En tant que membre sympathisant d'Amnistie internationale, je vous demande respectueusement que l’exécution de Kelly Gissendaner soit immédiatement annulée, et que vous fassiez tout ce qui est en votre pouvoir pour obtenir la commutation de sa condamnation à mort.

Comme vous le savez, en 1998 elle a été déclarée coupable du meurtre de son mari, Douglas, perpétré en 1997. Elle a reconnu sa responsabilité dans ce crime. Son coaccusé, qui a tué Douglas Gissendaner, purge quant à lui une peine de réclusion à perpétuité.
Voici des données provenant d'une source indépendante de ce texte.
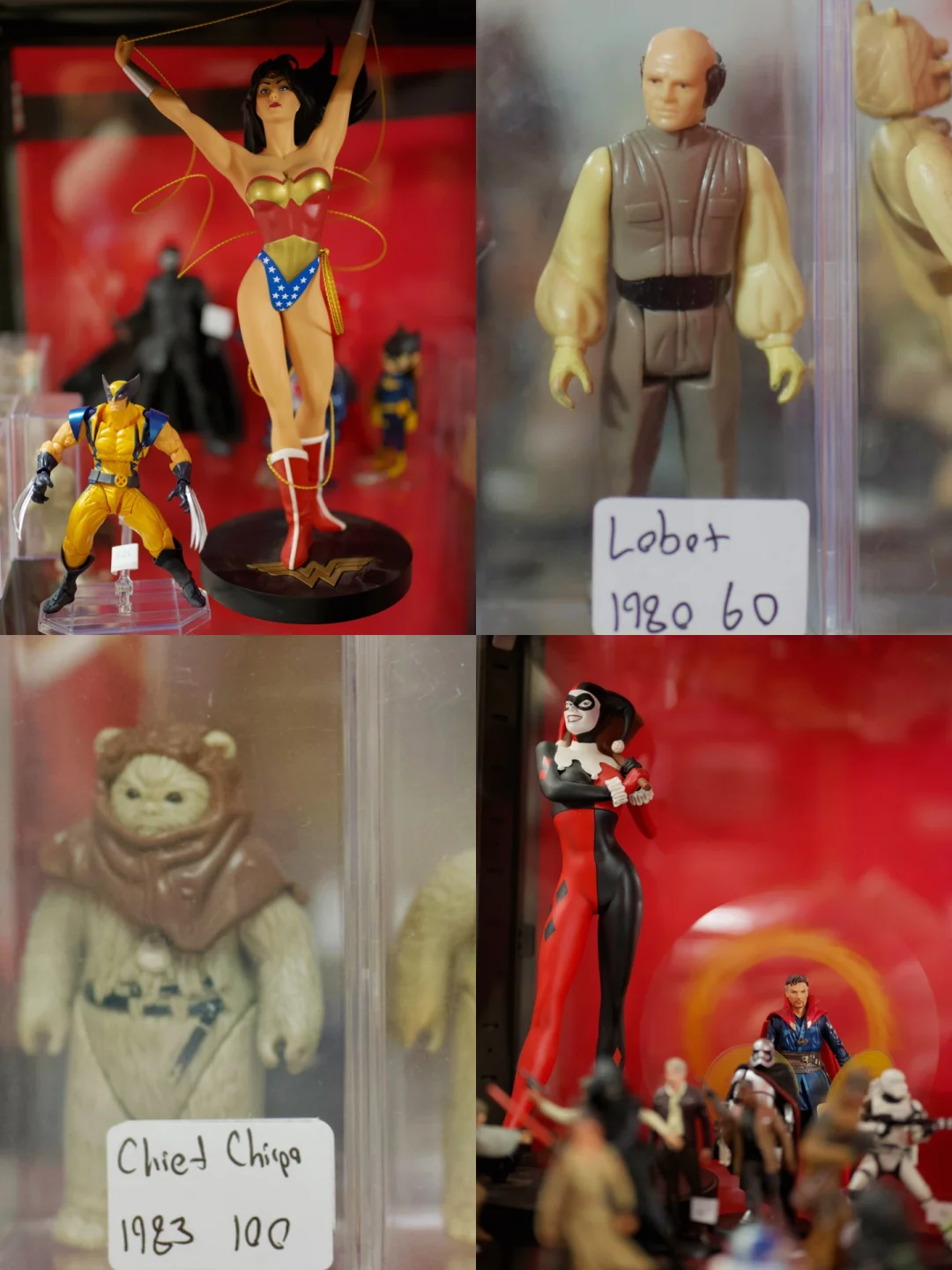 除了漫画,周边🧸也很丰富:玩偶、冰箱贴、冰格、胸针、钥匙扣、贴纸、COS服装、手办、海拔、道具等等,其中值得一提的是,有个柜子里面还有上世纪的古早手办以及星球大战定制的周边。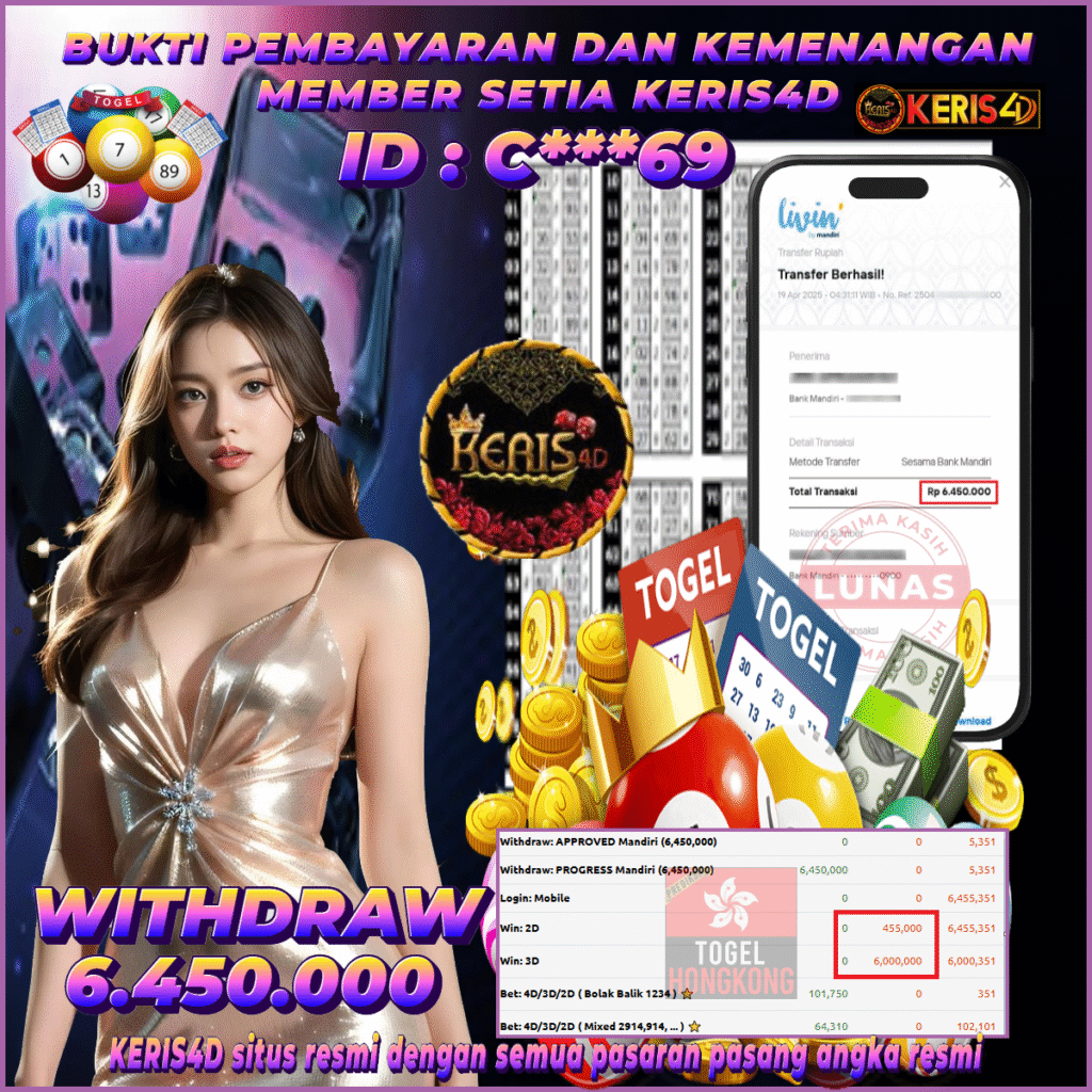 KERIS4D dikenal sebagai situs terpercaya yang selalu menghadirkan pengalaman bermain slot online yang aman, fair, dan berlisensi resmi. Di sini, kami tidak hanya sekadar memberikan janji, tapi bukti nyata berupa slip kemenangan yang dapat Anda lihat secara langsung.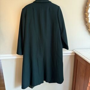 Color is a true dark hunter green (some photos appear lighter). Soft wool, great drape, and a very flattering long silhouette.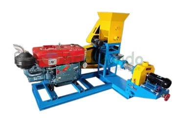 Mesin ini sangat cocok bagi para pengusaha pakan ternak bentuk pelet. Mesin pencetak pelet ikan terapung ini menggunakan penggerak utama yaitu diesel untuk menggerakkan screw, tapi masih membutuhkan tenaga listrik untuk motor yang menggerakkan cutting (pemotong pelet) dan feeder (input adonan).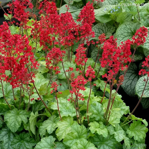 Гейхера Корал Форест. Высота растения 25 см. Диаметр: 30 см. Листья плотные, округлые, гладкие, зеленго цвета; цветки крупные опущенные красного цвета. Цветет июнь-август.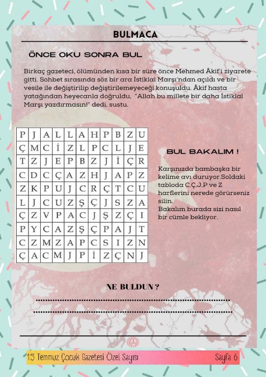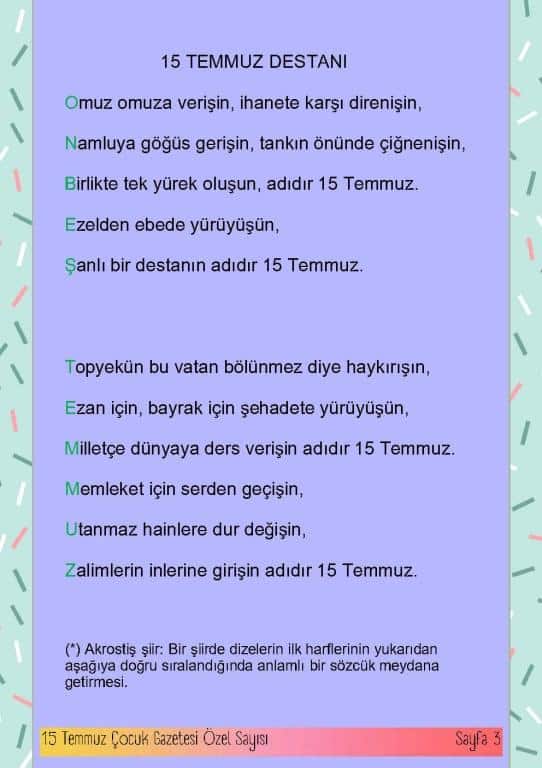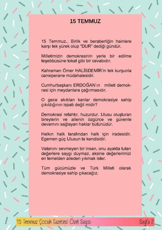 15 Temmuz Çocuk Gazetesi Özel Sayısı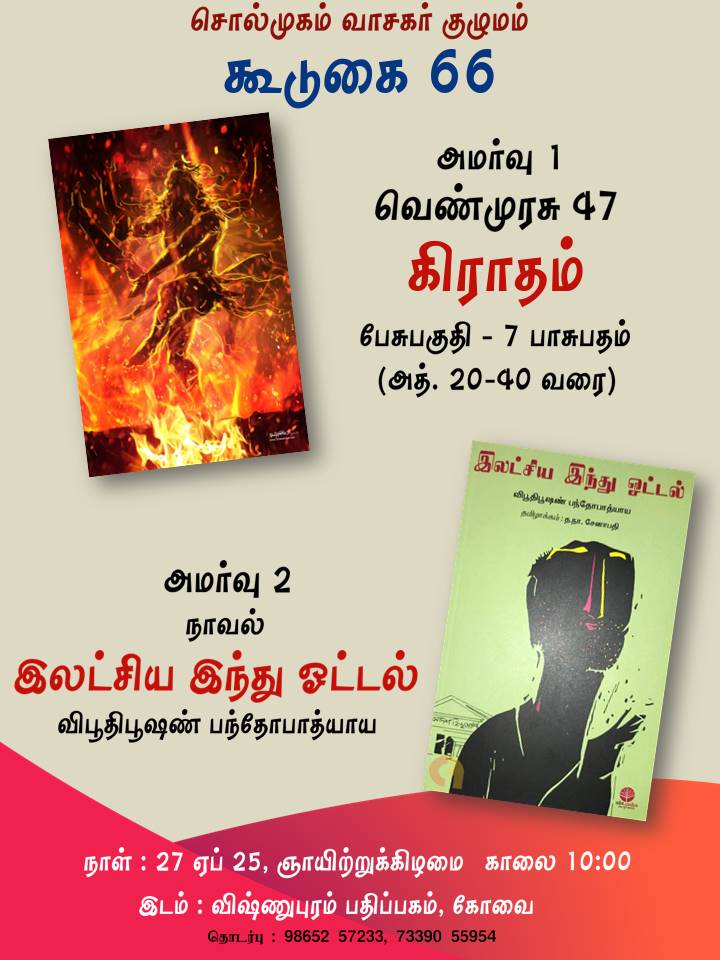 கோவை சொல்முகம் வாசகர் குழுமம் ஒருங்கிணைக்கும் 66வது இலக்கிய கூடுகை வரும் ஞாயிறன்று கோவையில் நிகழவுள்ளது.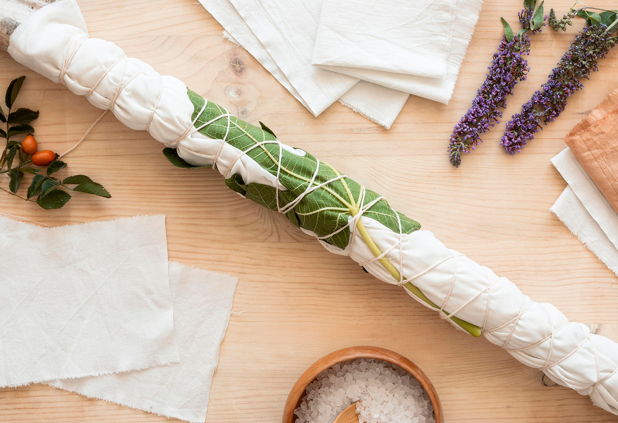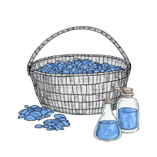 採集成熟的藍染植物(例如:馬藍、蓼藍等),並進行初步的處理,如清洗、陰乾或發酵等,以提取藍色染料。

Je tiens à attirer votre attention sur les éléments convaincants tendant à prouver la sincérité des remords de Kelly Gissendaner, sa capacité de réinsertion et son rôle positif en prison. Des éléments de preuve convaincants avaient été présentés en février au Comité des grâces et des libérations conditionnelles, notamment par des agents carcéraux, concernant sa capacité de réinsertion et ses regrets, ainsi que son rôle positif en prison et sa bonne influence sur d’autres détenues. Kelly Gissendaner a déclaré : « Il est impossible pour moi de mettre des mots sur le chagrin et le remords écrasants que je ressens du fait de mon implication dans le meurtre de mon époux, Douglas Gissendaner [...] À cause de ce que j’ai fait, nos enfants ont perdu leur père adoré, la famille Gissendaner a perdu un fils, un frère et un oncle chéri, et notre communauté a perdu un citoyen de grande qualité [...]. Je changerais tout si je le pouvais. Rien n’excuse ce que j’ai fait. J’assume pleinement ma responsabilité dans le meurtre de mon mari. »

Ainsi, je tiens à vous faire de mon inquiétude quant aux souffrances supplémentaires que l’État s’apprête à infliger aux enfants de Douglas et Kelly Gissendaner.

Pour toutes ces raisons, je vous demande urgemment et respectueusement de commuer la condamnation à mort de Mme Kelly Gissendaner.